Отдельным тиражом вышли и афоризмы актрисы. Вырванные из конкретного контекста, сегодня они звучат странно, по меньшей мере, пошло, превращая Раневскую в какую-то анекдотическую, исключительно комического плана фигуру, которой Фаина Георгиевнаотнюдь не была. Хотя она действительно обладала феноменальным чувством юмора, в быту чаще всего грустила. А однажды и вовсе обмолвилась, что, если бы и решилась выпустить книгу, то она непременно получилась бы «жалобной».
В данном утверждении не было и тени кокетства. Судьба Раневской — далеко не из счастливых. Недаром сама Фаина Георгиевна обозвала ее «шлюхой».
Слишком уж много испытаний выпало на долю этой незаурядной женщины. И, наверное, наиболее суровым из них было абсолютное, едва ли не глобальное одиночество, боль от которого она и прикрывала горькой, порой убийственной иронией.
Меткие остроты Фаины Георгиевны до сих пор передаются из уст в уста, и каждый из нас, находясь в любой ситуации, неизменно применяет их, что называется, к месту. Но звание легенды отечественной культуры Раневская снискала, безусловно, благодаря своему таланту, отличавшемуся редким сочетанием тонкого, изощренного психологизма и гротескового, почти клоунского начала. И еще — умением находить даже в крохотных ролях (их актриса именовала «плевками в вечность») некое человеческое «зерно», подбирать снайперски точные детали грима (его поиски, подчас сопрягались у Фаины Георгиевны с непомерными трудностями, так по ходу съемок «Золушки» она, по свидетельству той же Елены Юнгер, «безжалостно обращалась со своим лицом, подтягивала его с помощью кусочков газа и лака, запихивала за щеки комочки ваты, все это было неудобно, мешало… «для актрисы не существует никаких неудобств, если это нужно для роли…», — говорила Раневская) и костюмов, элементы мимики, жесты, особую манеру поведения. Словом, все то, что давало возможность зрителям за странноватым обликом ее героинь разглядеть неповторимую индивидуальность. Не только посмеяться над ними, но и посочувствовать этим довольно своеобразным существам.

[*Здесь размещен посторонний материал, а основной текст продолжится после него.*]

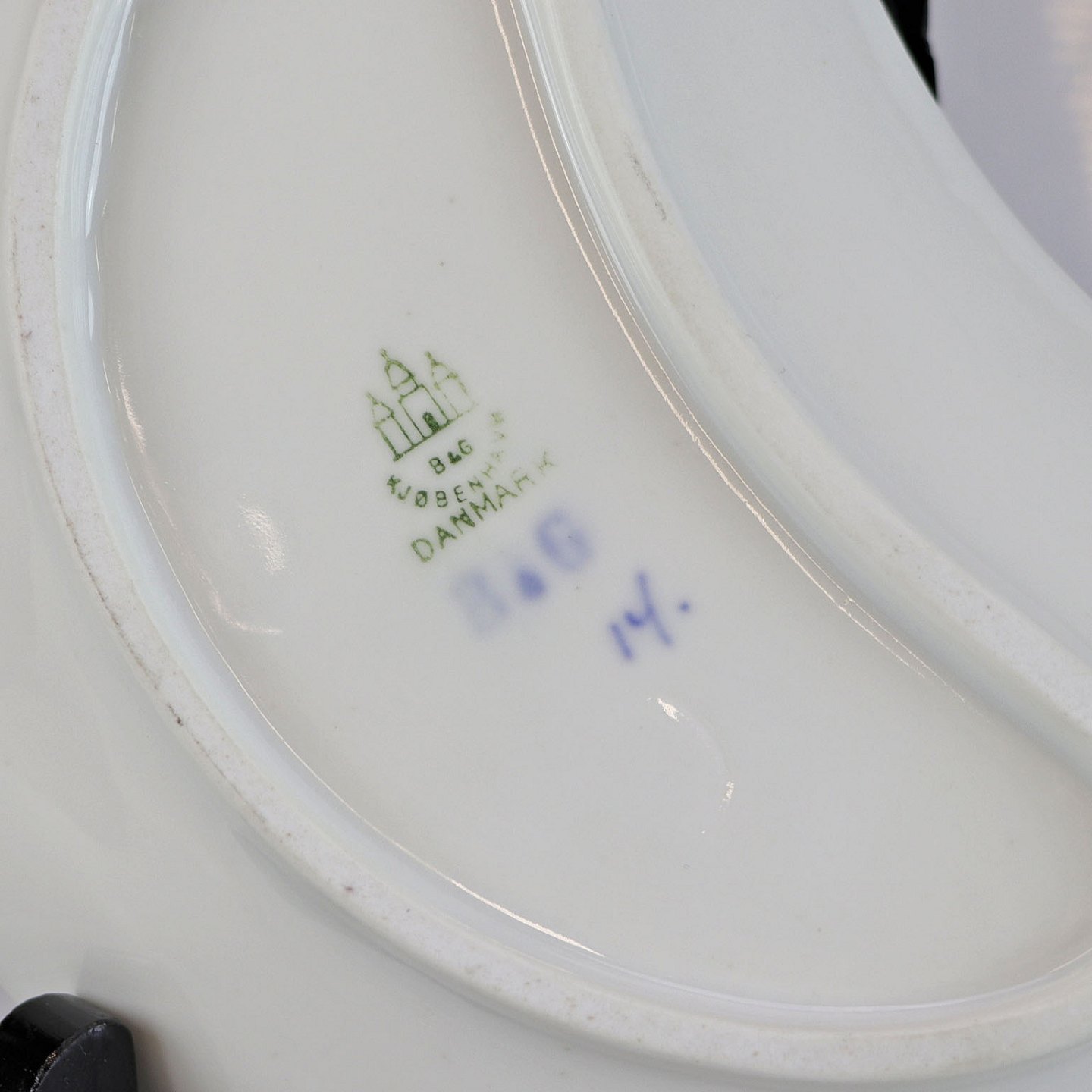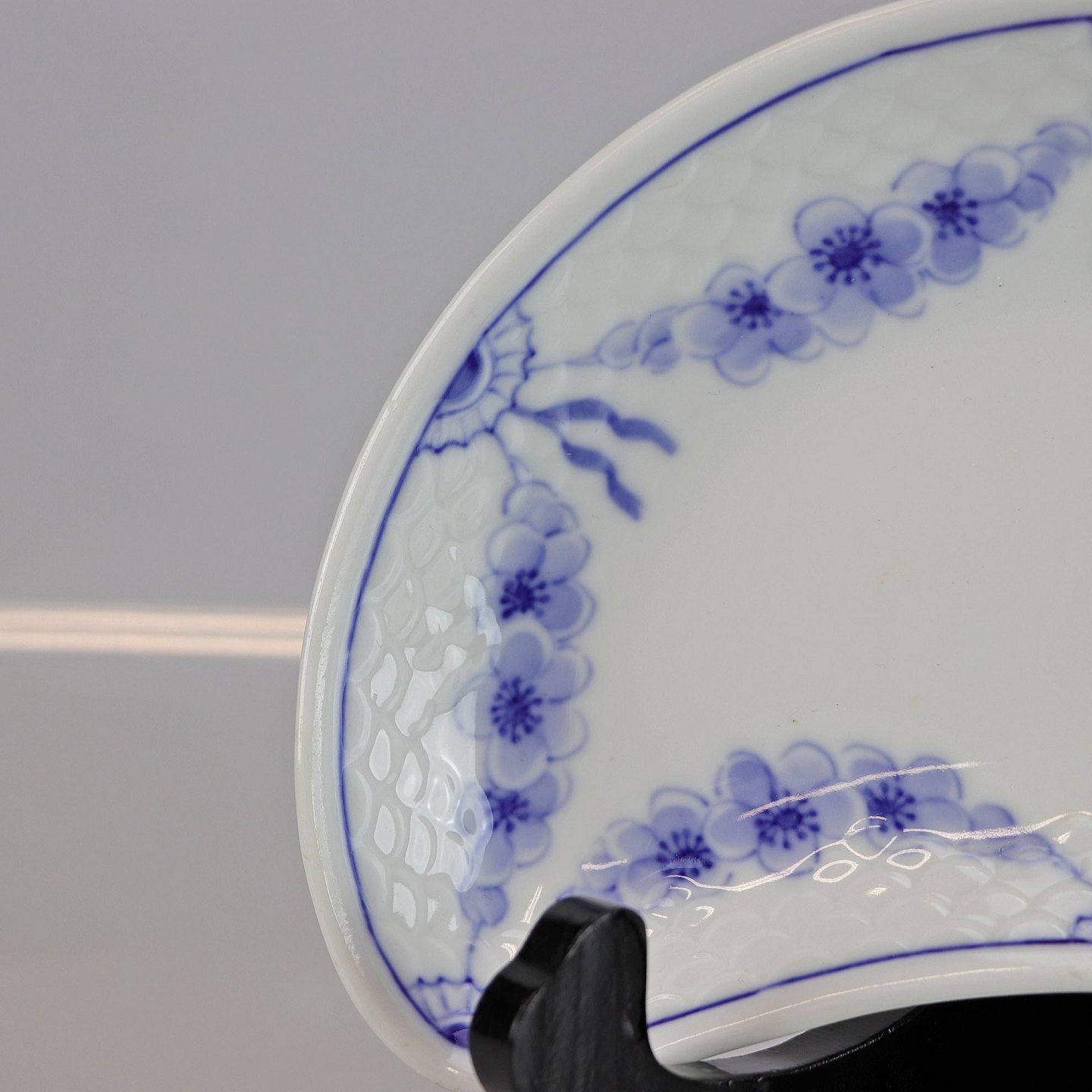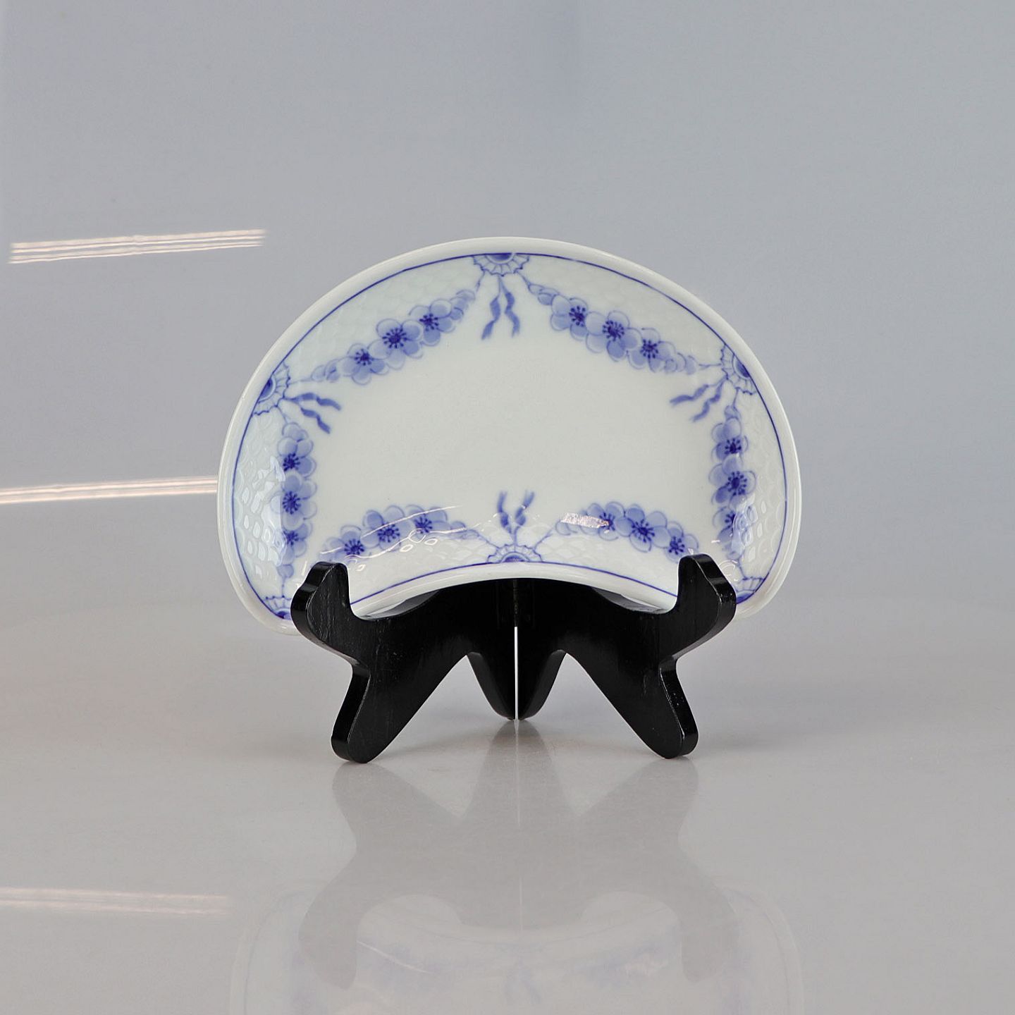 Asiet i hvidt porcelæn med skelform og motiv af guirlander med blå blomster

Даже таким, прямо скажем, мало симпатичным, как Манька из «Шторма» В. Билль-Белоцерковского с ее бегающими глазками, цепкими, загребущими руками и душевной пустотой, полнейшим отсутствием жизненной перспективы. Или — Таперше из «Александра Пархоменко»,вечно голодной и неприкаянной особе, которая ухитрялась, не выпуская сигарету изо рта напевать немудреный городской романс, закусывать и одновременно приветствовать очередного знакомого посетителя. Или — безнадежной графоманке Мурашкиной из «Драмы». Или — нелепой, долговязой Леле из «Подкидыша»,без устали командующей безропотным мужем Мулей и готовой отдать всю свою нерастраченную материнскую нежность нечаянно вошедшей в ее жизнь девочке Наташе…

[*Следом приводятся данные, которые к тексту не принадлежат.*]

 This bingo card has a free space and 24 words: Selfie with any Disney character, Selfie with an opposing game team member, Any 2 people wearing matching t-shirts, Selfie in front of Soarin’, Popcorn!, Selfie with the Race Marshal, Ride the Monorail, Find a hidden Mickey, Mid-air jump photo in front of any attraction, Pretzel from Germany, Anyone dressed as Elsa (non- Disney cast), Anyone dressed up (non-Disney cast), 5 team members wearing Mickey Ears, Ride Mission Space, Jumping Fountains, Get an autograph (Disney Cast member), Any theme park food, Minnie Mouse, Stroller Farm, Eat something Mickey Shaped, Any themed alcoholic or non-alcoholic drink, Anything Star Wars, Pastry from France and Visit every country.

Впрочем, каждое появление Раневской на сцене или экране — это попадание «в десятку». И приходится только сетовать на то, что ее до обидного мало использовали в театре и кино (день рождения Раневской — 27 августа, по случайному совпадению впоследствии стал профессиональным праздником российских кинематографистов).
Артистическая биография Раневской вообще складывалась непросто. Думается, что причиной тому были вовсе проблемные, мягко говоря, не стандартные природные данные Фаины Георгиевны(не позволившие ей сразу привлечь к себе внимание людей театра и предопределившие ее многочисленные скитания по провинциальным подмосткам в период с 1915 по 1931). Но еще и, продиктованная неистребимым стремлением к совершенству невероятная требовательность Раневской к себе и партнерам (в том числе и к тем, кто играл совсем небольшие роли, иногда доходило почти до курьезов, так, например Вячеслав Дубров из ЦАТРА, в 1970-74 служивший в Театре имени Моссоветаи в 1974 вводившийся в спектакль «Дальше — тишина»,рассказывал, как настойчиво Фаина Георгиевна добивалась от него правильного, четкого и красивого произношения слова «коктейль»). А также — внутренняя значительность и самостоятельность мышления.
Все это, как известно, всегда мешало благополучному существованию в актерской профессии, чересчур зависимой от режиссеров, которые, к слову сказать, не слишком благоволили к Раневской, в основном эксплуатируя ее в качестве типично жанровой «краски».
Но исключения из общего правила все-таки были, помогая Фаине Георгиевне не так часто, но все-таки преодолевать рамки определенного амплуа.
Так ей посчастливилось встретиться с Михаилом Ильичем Роммом, снявшим ее в роли мадам Луазо в немой ленте «Пышке» по Г. Де Мопассану. С Роммом связано еще одно, безусловно, вершинное актерское творение Фаины Георгиевны — трагическая Роза Скороход из фильма «Мечта»(произведшая, кстати, неизгладимо сильное впечатление и на Президента США Франклина Рузвельта). Поработала она и с Александром Яковлевичем Таировым, поставившим в 1931 «Патетическую сонату» Н. Кулиша в Московском Камерном театре с Раневской-Зинкой, с Елизаветой Сергеевной Телешевой, доверившей Фаине Георгиевне драматическую роль горьковской Вассы Железновой в одноименном, спектакле Центрального театра Красной Армии, датированном 1936. Среди тех, кто вопреки разногласиям и нескончаемым пикировкам ценил Раневскую, был и Юрий Александрович Завадский, художественный руководитель Театра имени Моссовета, где актрисе удалось, наконец, обрести свой театральный дом.
В Театре имени Моссовета, Фаина Георгиевна сотрудничала с Леонидом Викторовичем Варпаховским (подарившим ей роль добрейшей, наделенной даром сострадания к окружающим «странной» миссис Сэвидж), с Анатолием Васильевичем Эфросом — автором сценической версии сценария В. Дельмара «Дальше – тишина» (1969), отмеченной пронзительным дуэтом Фаины Георгиевны Раневской и Ростислава Яновича Плятта, создавших образы беззащитных, преданных родными детьми супругов Купер. Здесь же в спектакле Сергея Юрьевича Юрского «Правда – хорошо, а счастье лучше» А. Н. Островского «родилась» нянька Фелицата, завершившая актерский путь Раневской, на протяжении которого она неизменно старалась и на сцене, и перед камерой «не играть, а жить».
Фаина Георгиевна вообще отрицала само понятие игры применительно к своей профессии. «Играют дети, в карты, на бегах», — заметила она в беседе с Натальей Анатольевной Крымовой.
Конечно же, Фаина Георгиевна чуть лукавила. Как бы ни был органичен артист, мы прекрасно знаем, что он произносит написанный автором текст. Так что, формулировка Раневской — всего лишь эффектная «фигура речи». Но все же, все же… Она имела право так сказать.